What I don’t like about Austen is that she wrote thesis novels. She’d take a thesis (which is almost invariably that moderation in everything is best) and set out to prove it in the book. The thesis is kind of obvious and deeply non-controversial, and the novels never live up to their full potential because they are subjected to this need to teach a lesson. Austen’s sensibilities are that of the Enlightenment era, and for her art always has to be didactic. It goes in cycles, and today we are back to valuing art that describes reality not as it is but as it should be according to our moral code. Read the article I linked yesterday about sensitivity readers to see what I mean.

Austen’s literary successors – the Romantics – abandoned didacticism (think Brontes) and chose to emote instead of lecturing. Then realists came and started manipulating and teaching moral lessons. Then modernists canned didactic in art for a long time. And now it’s coming back again.

Persuasion shows us the limits of the didactic literary style.
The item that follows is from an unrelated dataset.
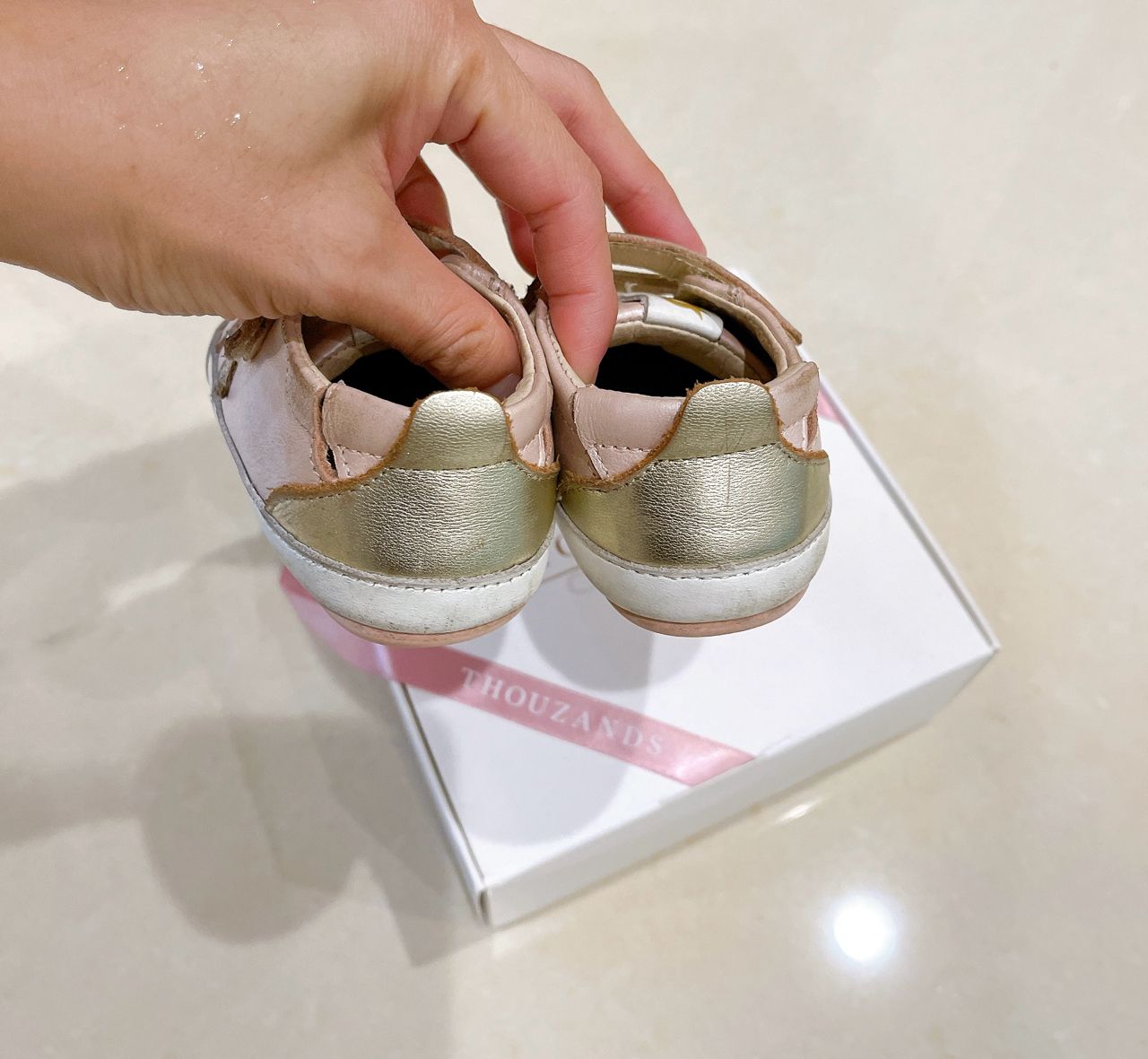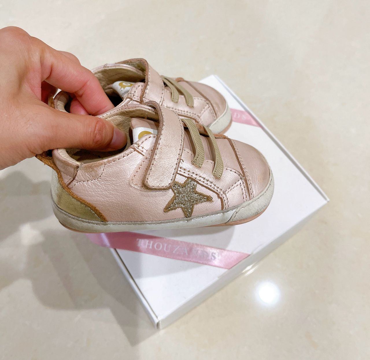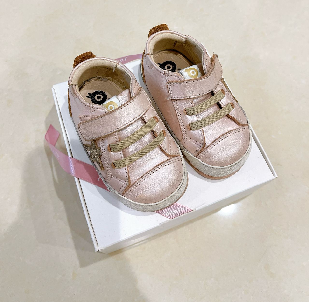 1. oldsoles 金粉蔥色學步鞋EU20,約12-13cm,真皮材質。$350 附盒。
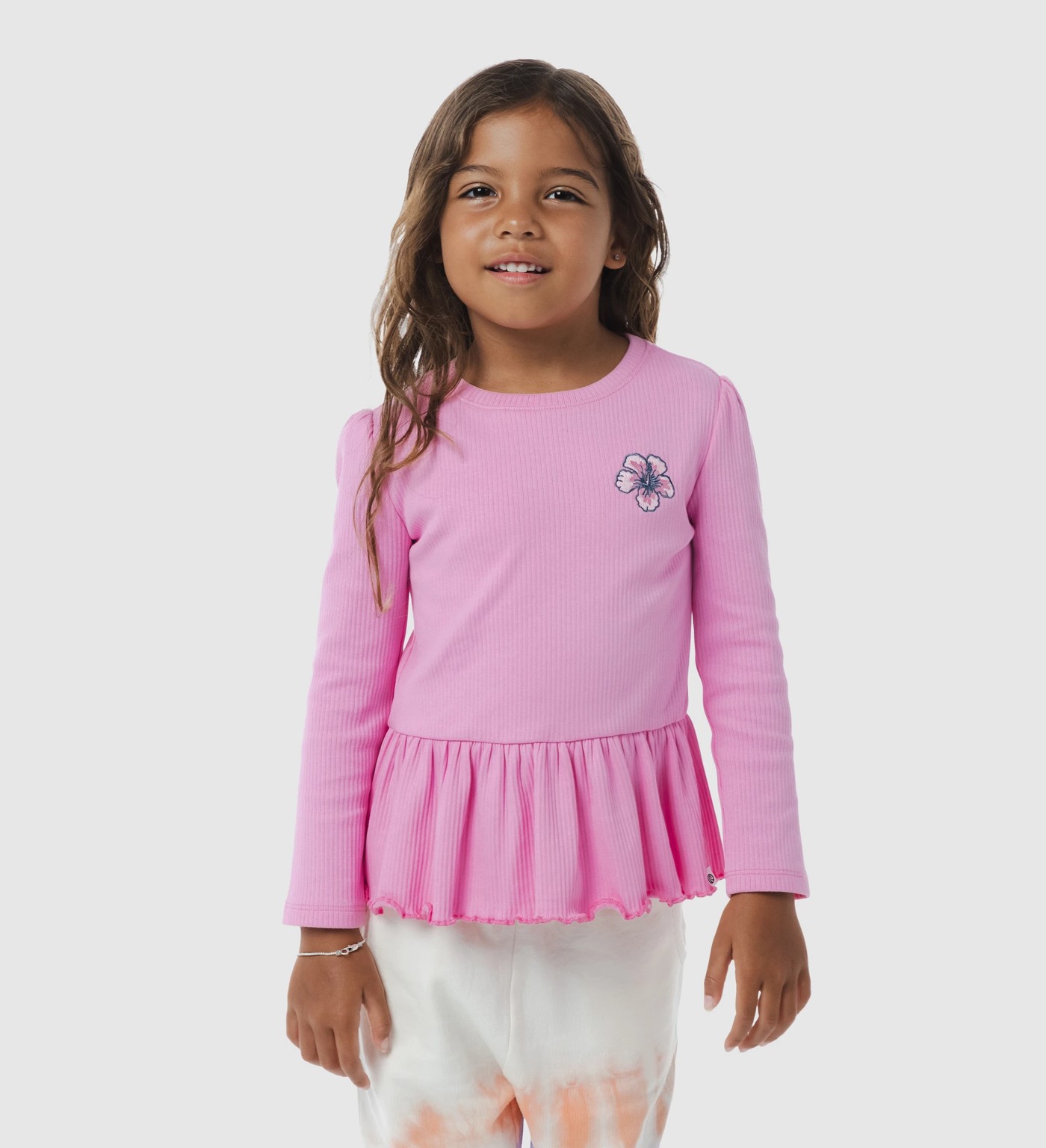 Add a touch of effortless charm to your little one's wardrobe with the Piping Hot Rib Frill Hem Top. This adorable top features delicate floral embroidery at the chest and a stylish frill peplum detail. The soft pink colourway complements any outfit, making it a versatile piece for everyday wear. Whether it's a day out with friends or a family gathering, this top exudes casual elegance and comfort. Embrace the sweetness of childhood with this lovely addition to your child's collection.

The characters, the stories, and the plot lines appear almost identical to the ones we see in Austen’s other novels. It’s all very predictable, superficial but gossipy and easy to read. Structurally, the novel is weaker than Austen’s other work. Cutting the last twenty pages would have improved the novel dramatically.

But hey, without Austen we wouldn’t have Liane Moriarty and the entire genre of mommy lit, so I can’t complain. Enlightenment authors didn’t write much fiction, preferring didactic treatises but what they did write had a gigantic impact on the trajectory of fiction for centuries to come.

5 thoughts on “Book Notes: Jane Austen’s Persuasion

  1. The gossipy bits are easily the best part of the books from this period! The overarching plot feels inane, the main characters plodding or arch on the whole, but I live for pages upon pages of needless detail on a minor interaction between minor characters, described with wit, levity and keen perception.

    This is honestly what contributed most to flipping my judgement of gossip-mongers from a nerd’s “this is inane bullshit” to treating it as having complexities that I am not skilled enough to appreciate.

    Liked by 1 person

    1. I always thought that because of the way she talks about her characters she’d be funny and exciting as a private person. But nope; I’ve started reading a book with her letters and it was boring as hell.


    2. Not only are the plots non-existent, there are also 4 or 5 characters that appear from one novel to another with different names but identical personalities. The first novel one reads is great. But by the third one, there’s a sensation of being hit over the head with the same, very primitive idea that the author wants you to understand.